═════ Source data ═════

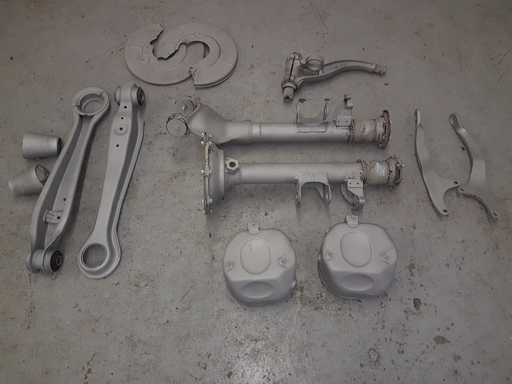 Die Tragrohre (Achsrohre), Hinterachs-Träger, Schubstreben, Drehstab, Bremsstützhebel und Luftkammern wurden sandgestrahlt.
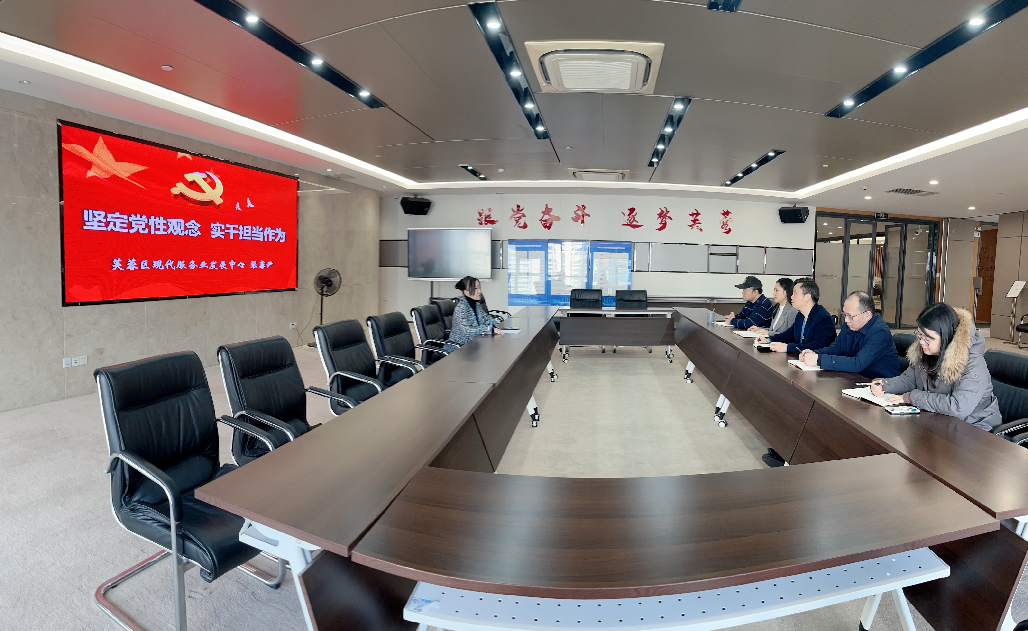 2023年12月28日下午,芙蓉区现代服务业发展中心全体党员干部在会议室开展“坚定党性信念 实干担当作为”专题微党课学习。
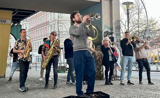 New Orleans incontra Berlino! Questa vivace banda di ottoni offre dell'energica musica da strada che risolleva l'umore e fa ballare la gente.

═════

What is needed:
Please transcribe the listing exactly as it stands, but omit its pictures.

Output for this exercise:
 Die Tragrohre (Achsrohre), Hinterachs-Träger, Schubstreben, Drehstab, Bremsstützhebel und Luftkammern wurden sandgestrahlt.
 2023年12月28日下午,芙蓉区现代服务业发展中心全体党员干部在会议室开展“坚定党性信念 实干担当作为”专题微党课学习。
 New Orleans incontra Berlino! Questa vivace banda di ottoni offre dell'energica musica da strada che risolleva l'umore e fa ballare la gente.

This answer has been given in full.